Reduce internal specifications and demand. Some battery makers have highly specific requirements for their graphite, both types and grades. Maybe they needed these specifications early, but now they should consider reducing these specifications in order to expand the potential suppliers. (Fewer specifications also helps to reduce internal complexity.) With recent advances in purification, they can also evaluate using both synthetic and natural graphite.
Watch developments in graphite recycling. Researchers and start-ups have made breakthrough innovations in recycling used EV batteries, and graphite reuse may soon be practical. Large graphite customers should follow these developments and consider investing in feasible ideas to stay ahead of the curve.
Monitor sub-tier risks. The graphite value chain is complex, and disruptions in flows to a primary supplier can upset ambitious plans for batteries. Automakers and others depending on steady flows of graphite can work in advance to identify and mitigate risk in the supply base. The COVID-19 pandemic showed how disruptions in semiconductors could hobble most of the automobile industry. If EV batteries, as expected, become crucial to the future of transportation, then carmakers will need to expand their risk management to graphite suppliers—from natural disasters and labor unrest to geopolitical instability.

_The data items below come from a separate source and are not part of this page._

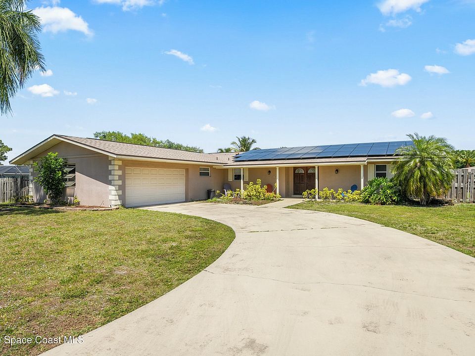 Over 1/3 acre POOL home that will impress you in so many ways! Truly plenty of room for boat / RV and any other toys. No Culver or ditches so easy in & out with double gate. Huge yard fully fenced with fire pit. 2 separate screened in patios with new pavers on each side of pool for lots of fun or entertaining. Also, the pool was resurfaced and retiled. NEW ROOF in 2023 and full home Solar panels that are paid off so you will have almost NO electric bill forever! Now for the inside... over 2200 sq feet that has everything that you want. When you walk in, it's light and bright with all of the living, dining & family rooms that have pool views. Electric fireplace. 4 bedrooms, 2 full baths & a half bath. Wait till you see the room with a wet bar, hung glasses & full wall countertop for all kinds of possibilities including a game room. Undated kitchen with granite countertops, chestnut cabinets and newer appliances. Great neighborhood that is 10 minutes from the beach! Come check it out!
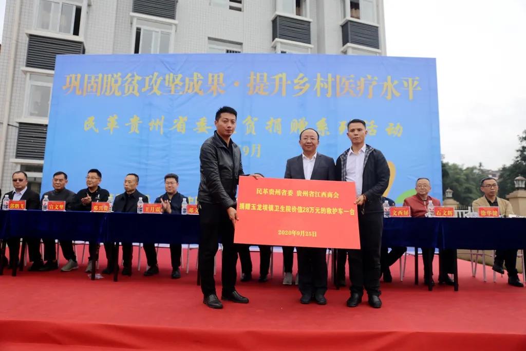其中,民革贵州省委会、贵州省江西商会捐赠玉龙坝镇卫生院价值28万元救护车1台。
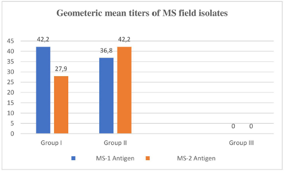 Fig. 3. Geometric mean titers of MS field isolates. Using the molecular method of MS characterization (Multiplex PCR) through the amplification of vlhA gene of MS,found a 25.3% prevalence of MS in Egyptian uninhabited birds. Rasool et al. (2018) also amplified and sequenced the 16 S r RNA (213 bp) and vlhA gene (375 bp) to differentiate MS from various field strains. Out of 40 Mycoplasma isolates, 20 (50%) were identified as MS through 16 S r RNA, and five (12.5%) were characterized as MS through fractional vlhA gene analysis. Both MS field isolates (MS-1 and MS-2) showed the same homologous immunogenic titer of (42.2 GMT) as a result of the Haemagglutination Inhibition test. There were some variations in heterologous values. The MS-2 isolate showed a lower (66%) heterologous immune response with MS-1 serum as compared to MS-1 isolate (87%) against MS-2 serum, as indicated in Figure 3. Similar findings were recorded by Weinack and Snoeyenbos (1976), who also elaborated on the immunogenic alterations amongst three stains of MS. The differential study using the haemagglutination inhibition test amongst the field isolates of MS and standard WVU 1853 MS strain was carried out by Vardaman and Drott (1980). Vardaman and Yoder also found increased levels of HI titers in homologous MG and MS antigens than the homologous HI levels (1969). A high level of homologous antigenic cross reactivity as compared to heterologous was also studied in different M. gallisepticum field strains isolated from commercial poultry (broiler) farmhouses in KP (Pakistan) by Rehman et al. (2022). A variety of serological tests were used to explore the existence of antigenic cross reactivity in different isolates of M. pneumoniae and M. genitallium. The study was carried out in the rabbits that were previously immunized with the different isolates of M. pneumoniae and M. genitallium, and antiserum was raised, as documented by Lind et al. (1984). Fakruddin et al. performed various serological techniques on food samples to study the cross reactions in different bacterial species and recorded robust immunological cross reactivity between Enterobacteriaceae and virulent bacteria present in various types of food stuff (2015). Current advancements in the invention of apparatuses and procedures to divine (Agrawal, 2019) cross immunity against various types of microorganisms will be helpful in the production of vaccines. ConclusionThe presence of MS in broiler birds was confirmed by cultural, biochemical, and molecular tests in five districts of KP. The results of the immunological cross-reactivity showed that homologous GMT titers were high in comparison to heterologous GMT titers. Routine monitoring of the pathogen will be helpful to overcome the disease. The most authentic, easy, and reliable technique was PCR assay among all the techniques performed in this study. AcknowledgmentsThe authors would like to express their sincere gratitude to Professor Sajjad Ur Rahman for his invaluable assistance and guidance during the duration of the study. Conflict of interestAll authors declare that there is no conflict of interest. Authors contributionsConceptualization: Sajjad Ur Rahman and Abdul Haleem Shah. Data curation: Atta Ur Rehman Formal analysis Saifur Rehman, Kamal Shah, and Inamullah Malik, Funding acquisition: Widya Paramita Lokapirnasari and Atta Ur Rehman. Investigation: Sajjad Ur Rahman and Atta Ur Rehman. Methodology: Atta Ur Rehman, Sajjad Ur Rahman, and Abdul Haleem Shah. Project administration: Atta Ur Rehman; Imdadullah Khan, and Inamullah Malik Resources: Widya Paramita Lokapirnasari; Software: Atta Ur Rehman and Saifur Rehman Supervision: Sajjad Ur Rahman and Abdul Haleem Shah Validation: Atta Ur Rehman, Abdul Haleem Shah, Sajjad Ur Rahman; Saifur Rehman Muhammad Kamal shah, Widya Paramita Lokapirnasari, Imdadullah Khan, Inamullah Malik and Andreas Berny Yulianto, Writing - original draft: Attaur rehman; Saifur rehman; Writing - review and editing: All authors: FundingThe Faculty of Veterinary Medicine (Fakultas Kedokteran Hewan), Universitas Airlangga, as indicated by document number (769/UN3.14/PT/2020), supported the APC. Data availabilityAdditional data may be obtained from the primary author and corresponding author upon a reasonable request. ReferencesAbbas, N., Muhammad, S., Naveed, M., Rahman, S., Ahmad, K.N., Tariq, N.A., Khalid, A. and Faheem, J. 2018. Seropositivity, involvement in suspected cases of chronic respiratory diseases and comparative efficacy of various sero-diagnostic tests of Mycoplasma gallisepticum. J. Appl. Environ. Biol. Sci. 8(3), 137–141. Agrawal, B. 2019. Heterologous immunity: role in natural and vaccine-induced resistance to infections. Front. Immunol. 10, 2631. Allan, W.H. and Gough, R.E. 1974. A standard haemagglutination inhibition test for newcastle disease. (1). A comparison of macro and micro methods. Vet. Rec. 95(6), 120–123. Amer, M.M., Mekky, H.M., & Fedawy, H.S. 2019. Molecular identification of Mycoplasma synoviae from breeder chicken flock showing arthritis in Egypt. Vet. World 12(4), 535–541. Beylefeld, A. 2018. Genomic comparison of mycoplasma species isolated from commercial chickens in South Africa (Doctoral dissertation, University of Pretoria). Buim, M.R., Mettifogo, E., Timenetsky, J., Kleven, S. and Ferreira, A.J.P. 2009. Epidemiological survey on Mycoplasma gallisepticum and M. synoviae by multiplex PCR in commercial poultry. Brazil J. Vet. Res. 29, 552–556. Cheng, X., He, W., Huang, F., Huang, M. and Zhou, G., 2014. Multiplex real-time PCR for the identification and quantification of DNA from duck, pig and chicken in Chinese blood curds. Food Res. Int. 60, 30–37. Dhondt, A.A., Dhondt, K.V., Hawley, D.M. and Jennelle, C.S. 2007. Experimental evidence for transmission of Mycoplasma gallisepticum in house finches by fomites. Avian Pathol. 36(3), 205–208. Diene, S.M., Bertelli, C., Pillonel, T., Jacquier, N., Croxatto, A., Jaton, K. and Greub, G. 2016. C

EV battery makers, and their auto-maker customers, have long realized the potential for supply bottlenecks for crucial battery minerals. Yet graphite, because of its seemingly secondary role in batteries and its large existing supply base, has attracted less attention than its supply risks warrant. As EV production takes off in this decade, customers in the EV and other industries will discover unexpected shortages and price jumps. The time is now to reduce those risks with attention to internal needs and external developments.